Phylogenetic analyses of the V domains from zebrafish Nitr13, Nitr14a and Nitr14b with V domains from the zebrafish NITR families described previously (Yoder et al. 2004). Protein symbols are abbreviated (e.g. Nitr1a is represented by “1a”). Bootstrap values less than 70% are not shown. Branch lengths are measured in terms of amino acid substitutions, with the scale indicated below the tree.

Figure 5. Phylogenetic analyses of NITR V domains from multiple species

Neighbor-joining tree of V domains encoded by NITR genes in zebrafish (Danio rerio, “Dr”); channel catfish (Ictalurus punctatus, “Ip”); rainbow trout (Oncorhynchus mykiss, “Om”); Southern pufferfish (Sphoeroides nephelus, “Sn”); and Japanese flounder (Paralichthys olivaceus, “Po”). Protein symbols are abbreviated to the NITR number (e.g. zebrafish Nitr14a is shown as “Dr 14a”). In the instances of NITR gene families, only one member was included in the analysis. For example Sn 16 represents Sn 16 and 22; Sn 13 represents Sn 13 and 18; Sn 20 represents Sn 14, 15, 17, 19, 20, 21, 23-26; Ip 1 represents Ip 1 and 3; and Ip 5 represents Ip 5-11. The number assigned to each interior branch is the bootstrap value; bootstrap values less than 50 are not shown. The branch lengths are measured in terms of the number of amino acid substitutions estimated by Poisson correction, with the scale given below the tree. Note that zebrafish Nitr13 and Nitr14 V domains group with catfish IpNITR13 and 15 V domains (gray shading): these 4 V domains also group together when using maximal parsimony and UPGMA methods (not shown).
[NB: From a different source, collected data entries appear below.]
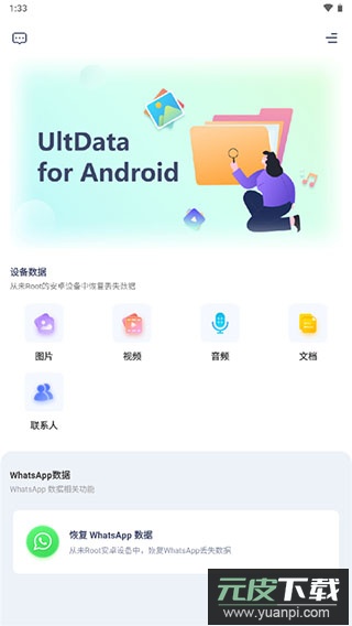 ultdata最新版是一款功能全面的数据恢复工具,能够帮助用户找回多种类型的数据,包括照片、视频、音频文件、文档、联系人信息、短信以及WhatsApp聊天记录等二十余种格式,无论是由于设备损坏、误操作删除、系统故障还是病毒攻击导致的数据丢失,这款软件都能提供有效的恢复方案,相当于为手机中的重要资料增添了一份可靠的保障。
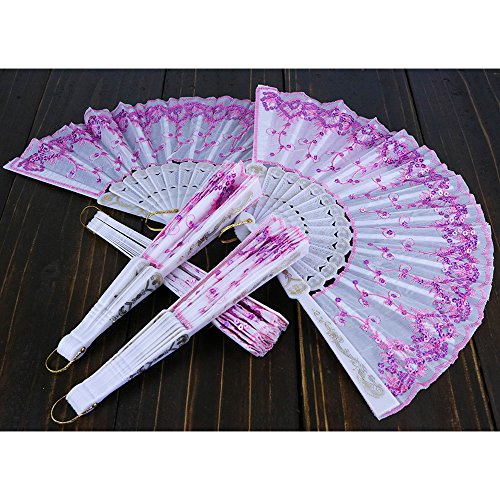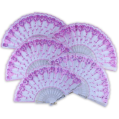 - WHATS INCLUDED? Each order includes five (5) Just Artifacts® brand 9" Decorative White Silk Folding Hand Fans with white handle and baby pink sequins
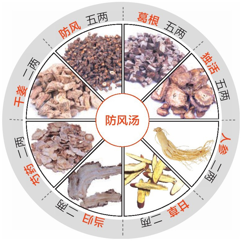 防风、葛根、独活各五两,人参、甘草、当归、芍药、干姜各二两。

Figure 6. The nitr13 gene originated via transposition

(a) The nitr13 gene encodes 2 exons (top). The protein coding sequence of the nitr13 gene is comprised of 2 segments (black rectangles) in exons 1 and 2. The nitr13 mRNA possesses coding sequences for a leader (L), variable (V), intermediate (I) and transmembrane (TM) domains (middle). However a stop codon (TAA) and a reading frame shift exist between the V and I domains: a frame shift also exists between the I and the TM domains. Three non-coding sequences (gray rectangles) indicate that nitr13 arose via retrotransposition of a mature NITR mRNA: 1) a leader (L) sequence is found at the 3' end of the single intron, which is in frame with the variable (V) domain in exon 2, and 2) an Ig domain of the intermediate (I) type and 3) a transmembrane domain in the 3' untranslated region. One possible model for the nitr13 precursor mRNA is shown (bottom). (b) The protein structure of the predicted precursor to Nitr13 is compared to Nitr13.

Figure 7. Phylogenetic analyses of the untranslated I domain within the nitr13 gene

(a) The untranslated I domain encoded in the 3' untranslated region of nitr13 (termed Nitr13^P for precursor of Nitr13) is aligned with I domains from other zebrafish NITRs. Black shading indicates identical residues whereas gray shading indicates functionally similar residues. The J-related domain and residues highly conserved in Ig domains (Litman et al. 2001) are indicated above the alignment using the IMGT numbering system (Giudicelli et al. 2006). Six highly conserved cysteines, representative of NITR I domains, are indicated by asterisks below the alignment (Litman et al. 2001). (b) Phylogenetic analyses of the I domain from zebrafish Nitr13^P and I domains from the zebrafish NITR families described previously (Yoder et al. 2004). Analyses and presentation are as in Fig. 4.